BEGIN
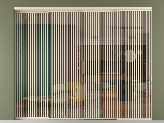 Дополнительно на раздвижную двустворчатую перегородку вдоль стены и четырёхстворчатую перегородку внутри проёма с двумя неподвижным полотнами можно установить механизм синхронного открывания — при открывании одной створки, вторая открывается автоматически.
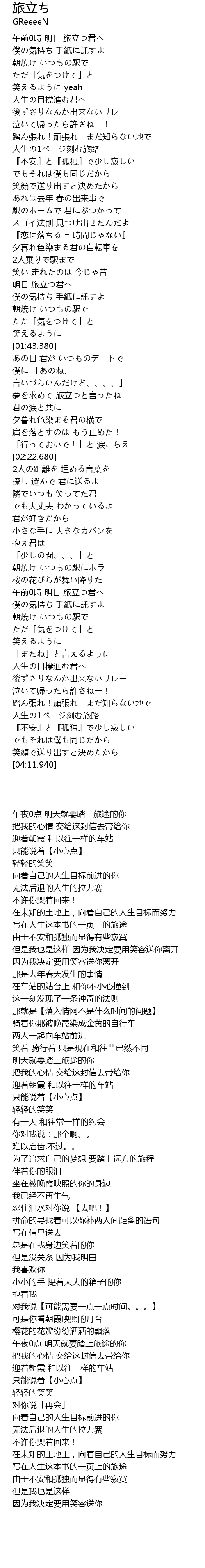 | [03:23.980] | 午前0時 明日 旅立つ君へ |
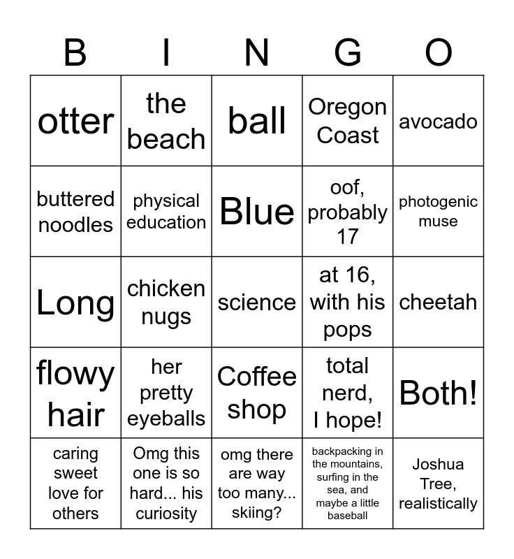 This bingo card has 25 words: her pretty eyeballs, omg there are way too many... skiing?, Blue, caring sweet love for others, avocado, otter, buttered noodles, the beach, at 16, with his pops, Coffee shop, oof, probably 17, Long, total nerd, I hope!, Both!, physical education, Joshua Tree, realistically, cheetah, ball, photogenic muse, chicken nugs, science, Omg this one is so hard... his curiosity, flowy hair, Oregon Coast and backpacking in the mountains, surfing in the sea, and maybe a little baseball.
END
BEGIN
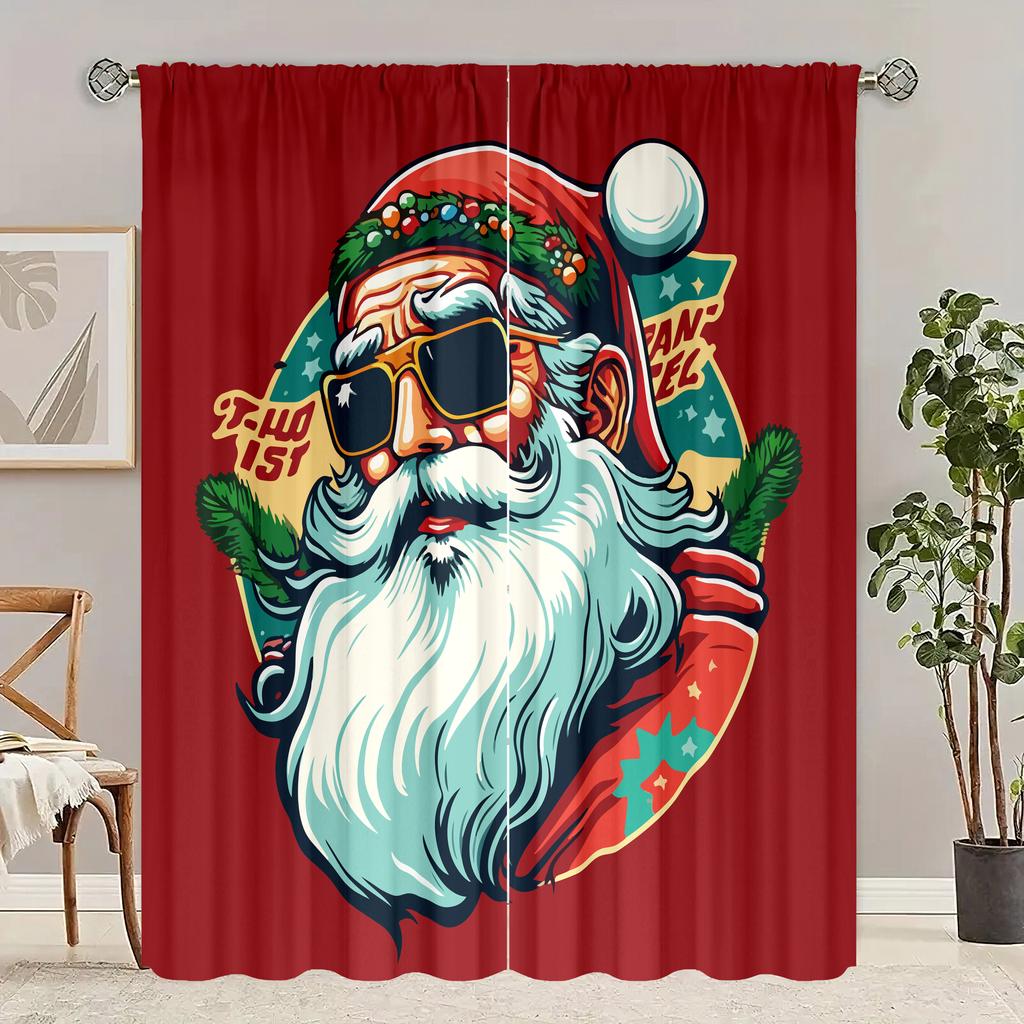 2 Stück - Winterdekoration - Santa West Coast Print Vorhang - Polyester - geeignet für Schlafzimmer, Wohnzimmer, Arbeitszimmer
END
- [Work request] When copying from the data above, print only the lines from the line containing "午前0時 明日 旅立つ君へ |" to the line containing "This bingo card", exactly, and leave the pictures out.

- [Response area]
 | [03:23.980] | 午前0時 明日 旅立つ君へ |
 This bingo card has 25 words: her pretty eyeballs, omg there are way too many... skiing?, Blue, caring sweet love for others, avocado, otter, buttered noodles, the beach, at 16, with his pops, Coffee shop, oof, probably 17, Long, total nerd, I hope!, Both!, physical education, Joshua Tree, realistically, cheetah, ball, photogenic muse, chicken nugs, science, Omg this one is so hard... his curiosity, flowy hair, Oregon Coast and backpacking in the mountains, surfing in the sea, and maybe a little baseball.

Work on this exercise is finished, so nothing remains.